**INSTRUCTIONS FOR THE TASK**
In the material below, find the line with "Die Ein-Zimmer Ferienwohnung" and the line with "Confederación FENATS Unitaria", then output those two lines and every line between them, exactly.

*** PROVIDED INFORMATION Section Begins ***

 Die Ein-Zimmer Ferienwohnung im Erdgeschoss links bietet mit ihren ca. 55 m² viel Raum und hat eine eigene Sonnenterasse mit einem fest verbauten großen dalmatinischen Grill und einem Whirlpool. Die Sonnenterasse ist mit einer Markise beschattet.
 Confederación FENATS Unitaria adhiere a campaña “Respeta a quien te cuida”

*** PROVIDED INFORMATION Section Ends ***
*** PROVIDED INFORMATION Section Begins ***

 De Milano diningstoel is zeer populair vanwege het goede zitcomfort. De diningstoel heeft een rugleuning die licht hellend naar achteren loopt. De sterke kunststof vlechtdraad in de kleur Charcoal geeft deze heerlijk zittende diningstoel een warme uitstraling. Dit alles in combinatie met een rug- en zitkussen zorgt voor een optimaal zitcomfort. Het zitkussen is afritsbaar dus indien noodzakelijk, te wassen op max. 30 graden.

*** PROVIDED INFORMATION Section Ends ***

**FINISHED TASK**
 Die Ein-Zimmer Ferienwohnung im Erdgeschoss links bietet mit ihren ca. 55 m² viel Raum und hat eine eigene Sonnenterasse mit einem fest verbauten großen dalmatinischen Grill und einem Whirlpool. Die Sonnenterasse ist mit einer Markise beschattet.
 Confederación FENATS Unitaria adhiere a campaña “Respeta a quien te cuida”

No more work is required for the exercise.